Red-1
I used to be decisive, now I'm not so sure...
I look back at this and realise he is lame now but just clueless at the time and it was a slow one - just a gradual loss of performance and one day finally obvious. He was always a lousy sjer but some of that was training, me being clueless and him being spooky and tricky. Easy to blame your riding a lot of the time. This doesn’t help with identifying issues though as his behaviour was consistent. He was tricky in the mouth and it got worse which I now look at as a flag, had irregular muscles behind (I never used to look) which is also now a flag for me I stand on a chair and check them regularly. I also video lunge them every few months and keep the videos to compare as sometimes not obvious if you see them everyday. I am much more concerned about posture now and I have things I do regularly to check whether they are even in how they move like turning a tight circle in hand and looking at the cross over behind and how easy they find it.
That is a heck of a lot sounder than most horses that are for sale.

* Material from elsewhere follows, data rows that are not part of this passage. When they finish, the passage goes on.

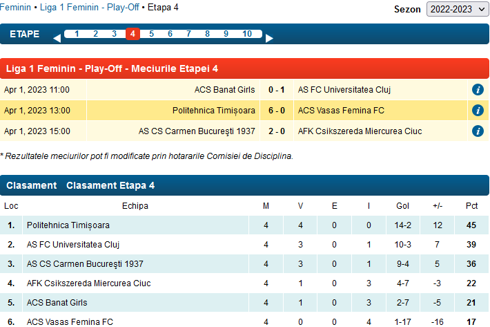 O ramură la care Politehnica Timișoara stă bine este fotbalul feminin. „Studentele” din Banat ocupă primul loc în clasament, în play-off, la șase puncte distanță de Olimpia „U” Cluj, campioana ultimelor 11 ediții.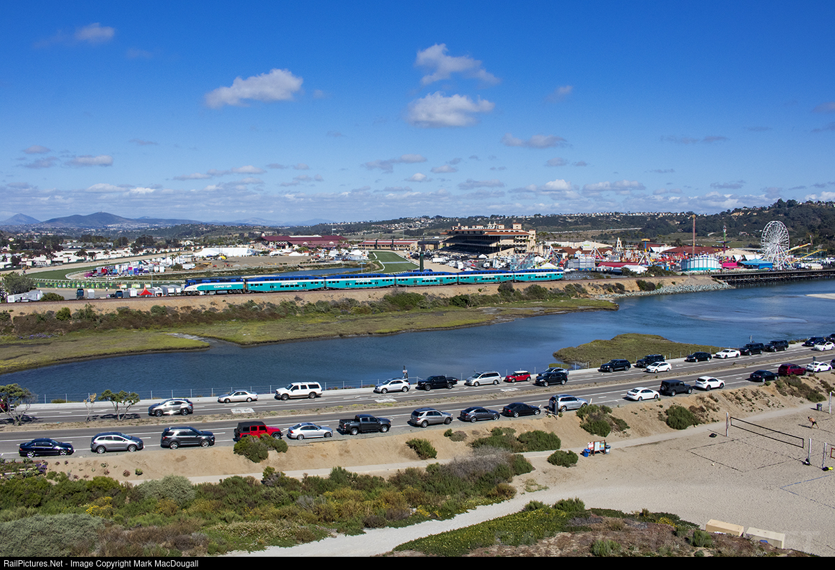 A Coaster train passes the San Diego Fairgrounds at Del Mar bound for Oceanside.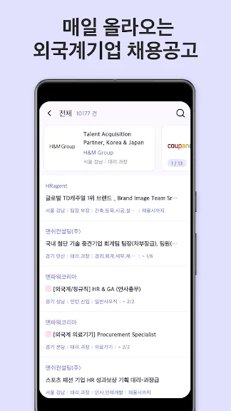 - 앱에서 외국계기업의 채용공고를 보시고 지원할 수 있습니다.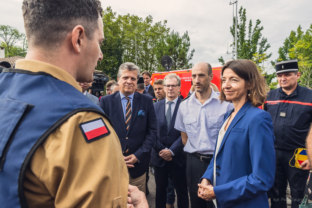 Dziś pracujących w okolicach Hostens strażaków odwiedziła Pani Laurence Boone sekretarz stanu ds. Europy z Republiki Francji. Podczas spotania przekazała naszym ratownikom słowa podziękowań za zaangażowanie w walkę z pożarem. Obozowisko grupy GFFFV Poland oraz bazę operacji polskiego modułu, odwiedził dziś również ambasador nadzwyczajny i pełnomocny RP w Republice Francuskiej oraz Księstwie Monako, Pan Jan Emeryk Rościszewski. Na miejscu miał możliwość bezpośredniego zapoznania się z warunkami stacjonowania i działania polskich strażaków.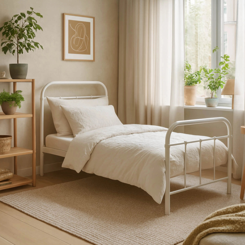 Fém ágy 90x200 cm méretben, fehér színben PABLO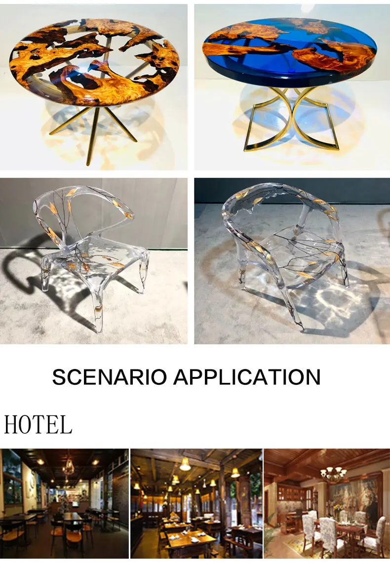 Mainly produce Art Tables, Chairs and any Resin Wood related products, high efficient and advanced technology can produce high qulity and competitive products as requested by the clients. Nature special wood, Unique design. So our products are highly welcomed by worldwide market.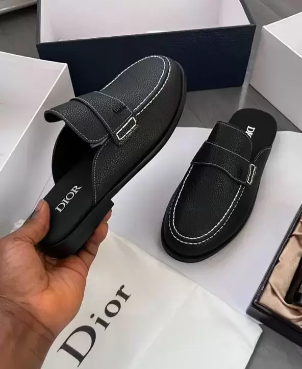 These are luxury, backless slip-on shoes from the French fashion house Dior. They combine the silhouette of a classic loafer with the comfort of a mule.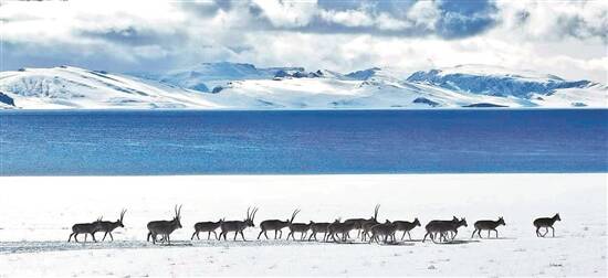 当下,正是去可可西里旅行的最佳季节。每年七、八、九月份也是可可西里无人区藏羚羊的生育季节,藏羚羊会大批集中在可可西里深处的卓乃湖等湖畔待产。图为成群的藏羚羊正迁徙穿越“色林措”湖。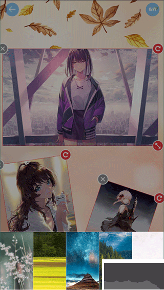 4、多次添加照片后,再根据需求调整每张图片的大小和角度,还可以自由更换背景哦;
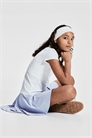 Теннисная юбка кругового кроя из функциональной ткани с добавлением DryMove™, которая отводит влагу от кожи, обеспечивая комфортную сухость во время движения. Юбка надевается поверх трусов из джерси с карманом для мяча на одной штанине. Высокая талия с широким поясом.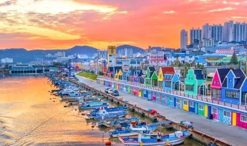 이탈리아 베네치아를 연상케 하는 알록달록한 포구의 모습으로 '부네치아'라는 별명으로 불리는 부산 장림포구입니다. 항구 한 켠 정박해있는 배를 따라 조성된 길의 건물 외벽과 조형물들이 알록달록한 색감의 벽화로 가득 채워져 청량한 분위기를 가득 품고 있는데요.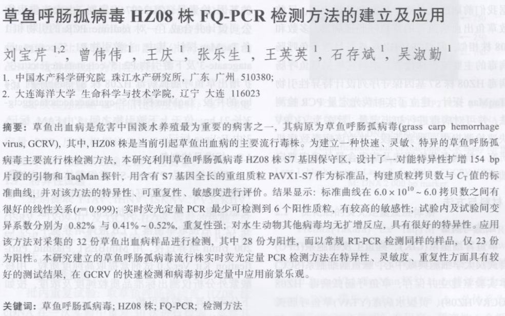 草魚呼腸孤病毒HZ08株FQ-PCR檢測方法的建立及應(yīng)用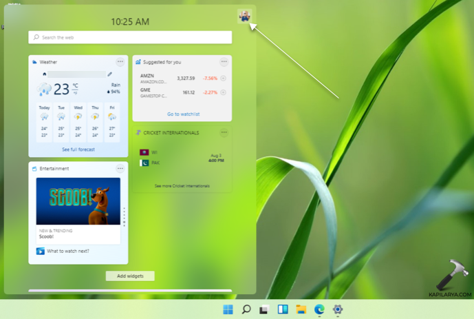 + Wtoetsen op uw systeem om Widgets te openen. U kunt ook op de Widget-knop op de taakbalk klikken. Klik op uw profielfotopictogram bovenaan het Widgets-scherm (zie onderstaande schermafbeelding).

He looks basically sound there, with the odd falter when changing something, but it is barely discernible and, with it also being on grass, I would have gone to view had he been for sale as I would have thought it would be possibly just uneven ground.
I used to teach, and had to sack the occasional client for lameness that they didn't want to know about and investigate. One who had a vet/physio involved but they said to continue work where I said no. I did a video the last time I went, to show the owner why it was a no, so they could go back to their professionals.
I also taught a couple who had nice horses who were destined for light hacking but were not sound for arena work. I would do minimal lessons to get them safe enough to enjoy their light hacking so the horse could live a useful, steady and happy life. I would tell the owner that this is what we were doing, have the vet involved and sometimes pain relief just to get horse/rider on the same page.